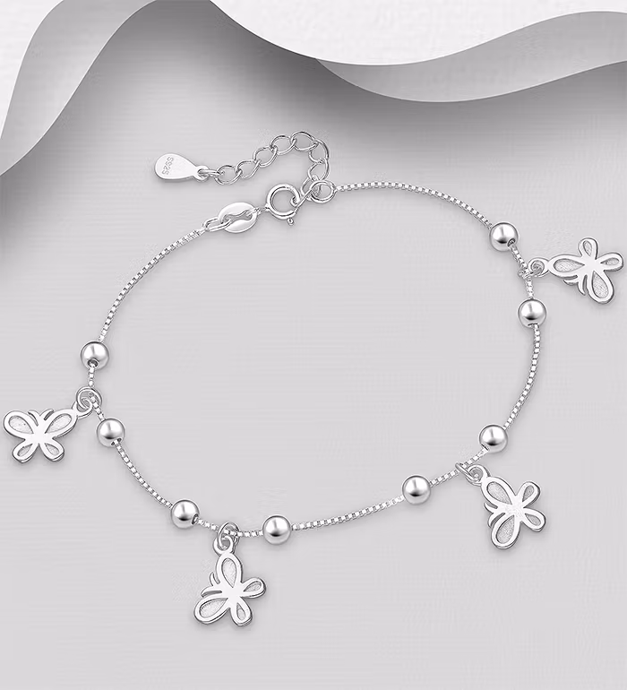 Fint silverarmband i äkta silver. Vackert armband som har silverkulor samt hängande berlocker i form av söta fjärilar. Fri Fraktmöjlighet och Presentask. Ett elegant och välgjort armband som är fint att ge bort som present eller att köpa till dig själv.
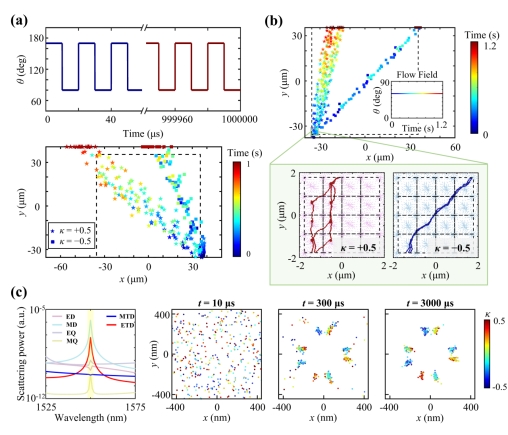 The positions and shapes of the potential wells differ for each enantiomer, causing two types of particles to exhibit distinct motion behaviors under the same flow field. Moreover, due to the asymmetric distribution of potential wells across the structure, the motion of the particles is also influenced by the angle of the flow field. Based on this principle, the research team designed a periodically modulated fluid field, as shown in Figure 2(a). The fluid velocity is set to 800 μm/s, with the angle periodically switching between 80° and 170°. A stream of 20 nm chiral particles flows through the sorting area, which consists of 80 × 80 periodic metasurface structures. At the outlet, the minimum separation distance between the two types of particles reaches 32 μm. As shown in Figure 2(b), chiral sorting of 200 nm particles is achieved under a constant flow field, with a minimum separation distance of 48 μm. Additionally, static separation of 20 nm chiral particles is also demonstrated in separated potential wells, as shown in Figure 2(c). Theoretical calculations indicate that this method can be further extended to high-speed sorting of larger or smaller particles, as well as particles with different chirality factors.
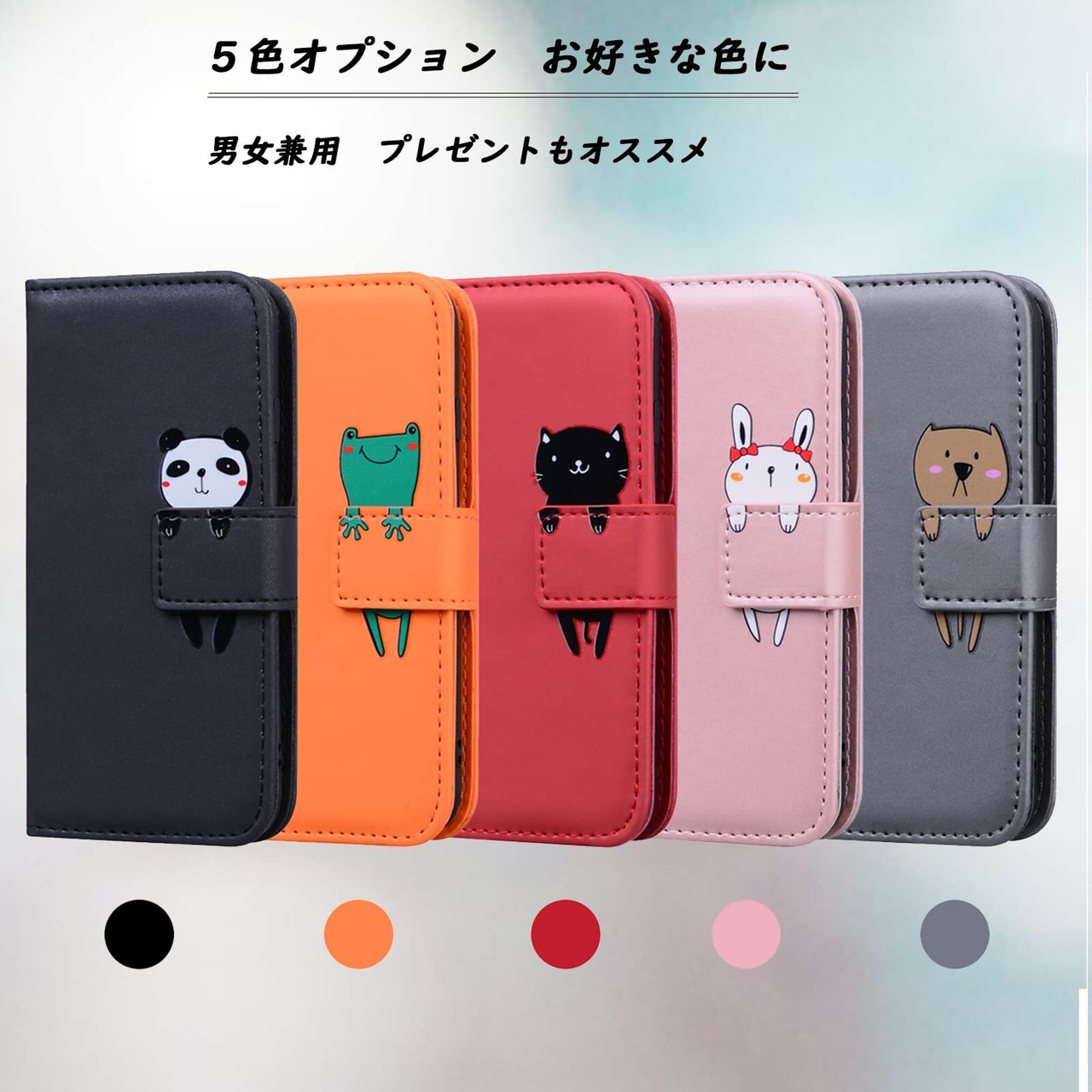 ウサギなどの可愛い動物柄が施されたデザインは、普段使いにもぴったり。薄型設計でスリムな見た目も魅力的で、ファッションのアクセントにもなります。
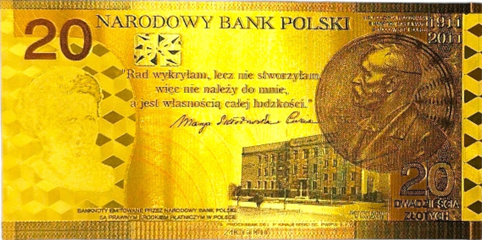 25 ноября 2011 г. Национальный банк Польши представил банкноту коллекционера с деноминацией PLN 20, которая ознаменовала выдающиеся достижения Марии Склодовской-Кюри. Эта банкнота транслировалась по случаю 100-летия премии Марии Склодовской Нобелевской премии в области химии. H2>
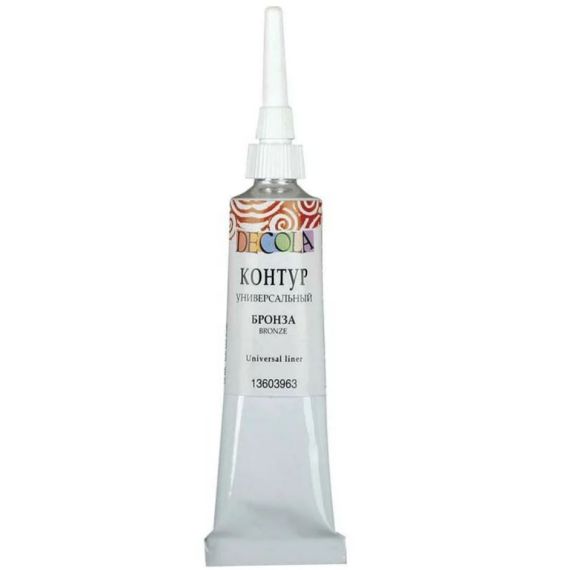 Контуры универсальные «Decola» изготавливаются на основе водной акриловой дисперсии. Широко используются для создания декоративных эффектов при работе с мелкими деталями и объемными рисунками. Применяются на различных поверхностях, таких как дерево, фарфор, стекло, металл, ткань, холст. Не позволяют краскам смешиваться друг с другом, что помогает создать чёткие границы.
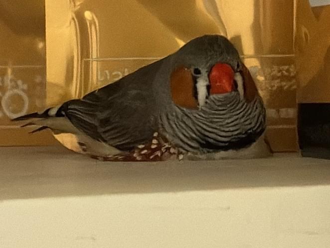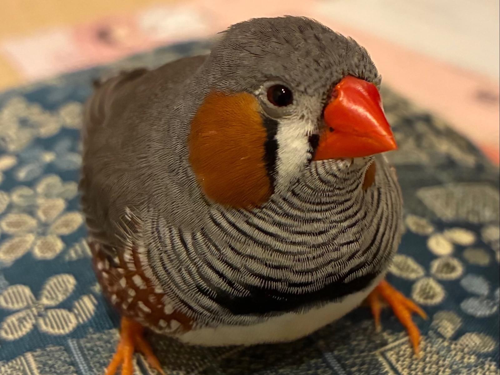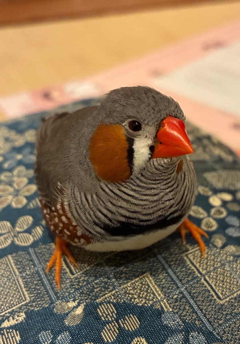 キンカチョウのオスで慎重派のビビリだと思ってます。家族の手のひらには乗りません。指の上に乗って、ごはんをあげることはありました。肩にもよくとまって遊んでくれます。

## EXERCISE AIM
Retype all the entries word for word; the pictures stay out.

## ANSWER TO THIS TASK
 Fint silverarmband i äkta silver. Vackert armband som har silverkulor samt hängande berlocker i form av söta fjärilar. Fri Fraktmöjlighet och Presentask. Ett elegant och välgjort armband som är fint att ge bort som present eller att köpa till dig själv.
 The positions and shapes of the potential wells differ for each enantiomer, causing two types of particles to exhibit distinct motion behaviors under the same flow field. Moreover, due to the asymmetric distribution of potential wells across the structure, the motion of the particles is also influenced by the angle of the flow field. Based on this principle, the research team designed a periodically modulated fluid field, as shown in Figure 2(a). The fluid velocity is set to 800 μm/s, with the angle periodically switching between 80° and 170°. A stream of 20 nm chiral particles flows through the sorting area, which consists of 80 × 80 periodic metasurface structures. At the outlet, the minimum separation distance between the two types of particles reaches 32 μm. As shown in Figure 2(b), chiral sorting of 200 nm particles is achieved under a constant flow field, with a minimum separation distance of 48 μm. Additionally, static separation of 20 nm chiral particles is also demonstrated in separated potential wells, as shown in Figure 2(c). Theoretical calculations indicate that this method can be further extended to high-speed sorting of larger or smaller particles, as well as particles with different chirality factors.
 ウサギなどの可愛い動物柄が施されたデザインは、普段使いにもぴったり。薄型設計でスリムな見た目も魅力的で、ファッションのアクセントにもなります。
 25 ноября 2011 г. Национальный банк Польши представил банкноту коллекционера с деноминацией PLN 20, которая ознаменовала выдающиеся достижения Марии Склодовской-Кюри. Эта банкнота транслировалась по случаю 100-летия премии Марии Склодовской Нобелевской премии в области химии. H2>
 Контуры универсальные «Decola» изготавливаются на основе водной акриловой дисперсии. Широко используются для создания декоративных эффектов при работе с мелкими деталями и объемными рисунками. Применяются на различных поверхностях, таких как дерево, фарфор, стекло, металл, ткань, холст. Не позволяют краскам смешиваться друг с другом, что помогает создать чёткие границы.
 キンカチョウのオスで慎重派のビビリだと思ってます。家族の手のひらには乗りません。指の上に乗って、ごはんをあげることはありました。肩にもよくとまって遊んでくれます。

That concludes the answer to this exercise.